The magnesium alloy has a structure having an α-Mg phase (Mg crystal grains), and a precipitate dispersed in at least one of a grain boundary of the α-Mg phase and a cell boundary. FIG. 1 shows a schematic view of the structure of the magnesium alloy. In FIG. 1, the α-Mg phase is indicated by downward-sloping diagonal hatching, and the precipitate is indicated by outline partially including elliptical shapes. The “grain boundary of the α-Mg phase” is an interface where crystals of a parent phase (α-Mg phase) growing in different crystal orientations are in contact with each other, and is indicated by thick dotted lines in FIG. 1. The “cell boundary” is an interface formed by a difference in the composition, and is indicated by thick solid lines in FIG. 1. As shown in FIG. 1, the precipitates are present in a dispersed state in the grain boundary of the α-Mg phase and/or the cell boundary. Although the precipitates are schematically shown in elliptical shapes in FIG. 1, the precipitates are actually present in lamellar shapes, grain shapes, elongated shapes, and/or lump shapes.

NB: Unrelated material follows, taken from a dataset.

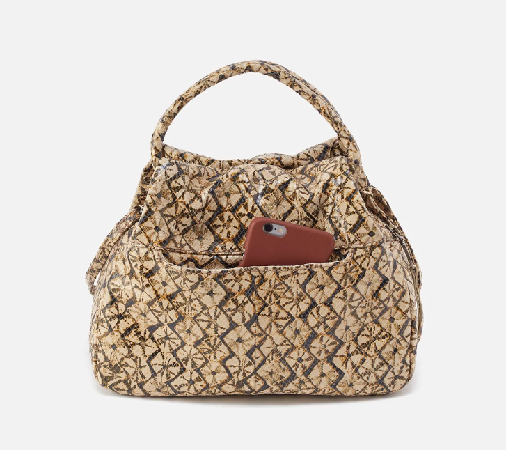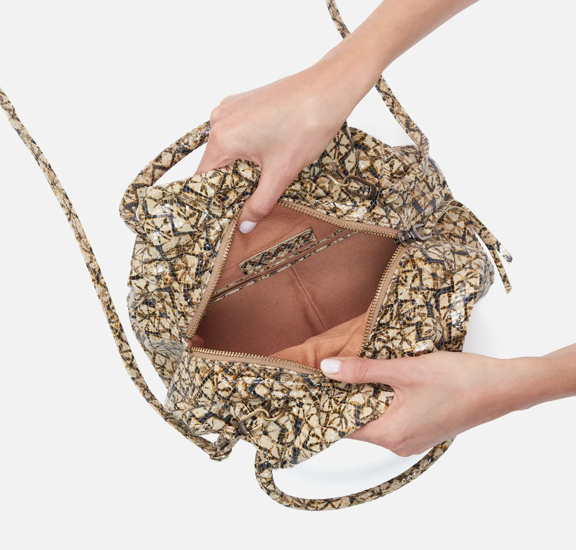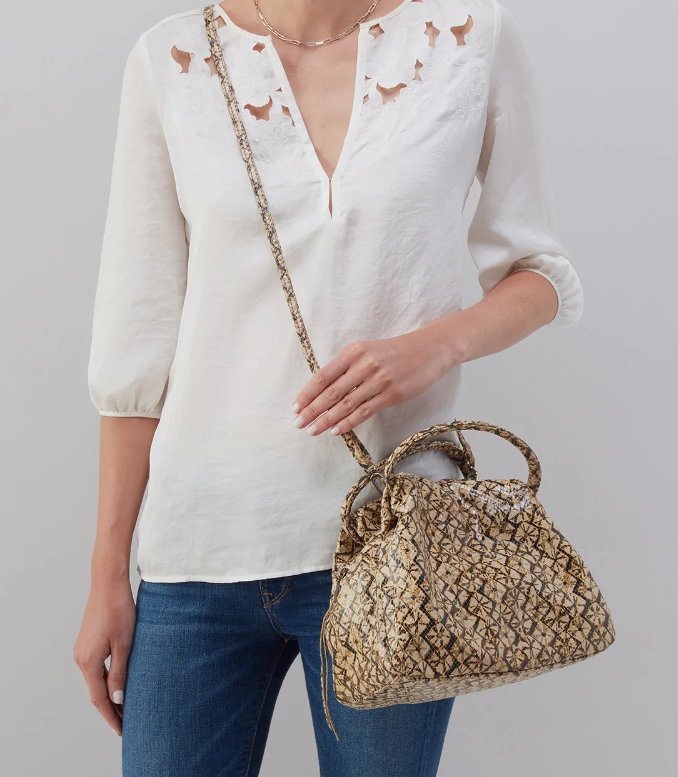 A relaxed top handle style with a convenient and removable crossbody strap.

The precipitate includes at least one phase selected from a group A consisting of an Al2Sr phase, an Al4Sr phase, a (Mg, Al)2Sr phase, and a (Mg, Al)4Sr phase, and at least one phase selected from a group B consisting of an Al2Ca phase and a (Mg, Al)2Ca phase. The precipitate may further include at least one phase selected from a group C consisting of an Al17Sr8 phase and a Mg17Sr2 phase, and/or a Mg17Al12 phase. One of characteristics of the magnesium alloy according to an embodiment is that the magnesium alloy has a structure in which the group A precipitate and the group B precipitate are present in a relatively large amount in a specific range, and the group C precipitate and the Mg17Al12 phase are present each in a relatively small amount or are substantially absent.

[Group a Precipitate]

The group A precipitate includes at least one phase selected from the Al2Sr phase, the Al4Sr phase, the (Mg, Al)2Sr phase, and the (Mg, Al)4Sr phase. The group A precipitate has a function of improving the high-temperature strength. The group A precipitate has a melting point of greater than or equal to 1000° C., which is sufficiently higher than the melting points of the group C precipitate and the Mg17Al12 phase. Therefore, since the group A precipitate is present in a dispersed state in the grain boundary of the α-Mg phase and/or the cell boundary, the magnesium alloy can maintain the strength even at high temperatures, and is unlikely to crack during casting. The group A precipitate is typically present in a lamellar shape or an elongated shape.

[Group B Precipitate]

The group B precipitate includes at least one phase selected from the Al2Ca phase and the (Mg, Al)2Ca phase. The group B precipitate has a function of improving the high-temperature strength. The group B precipitate has a melting point of greater than or equal to 1000° C., which is sufficiently higher than the melting points of the group C precipitate and the Mg17Al12 phase. Therefore, since the group B precipitate is present in a dispersed state in the grain boundary of the α-Mg phase and/or the cell boundary, the magnesium alloy can maintain the strength even at high temperatures, and is unlikely to crack during casting. The group B precipitate is typically present in a lamellar shape or an elongated shape.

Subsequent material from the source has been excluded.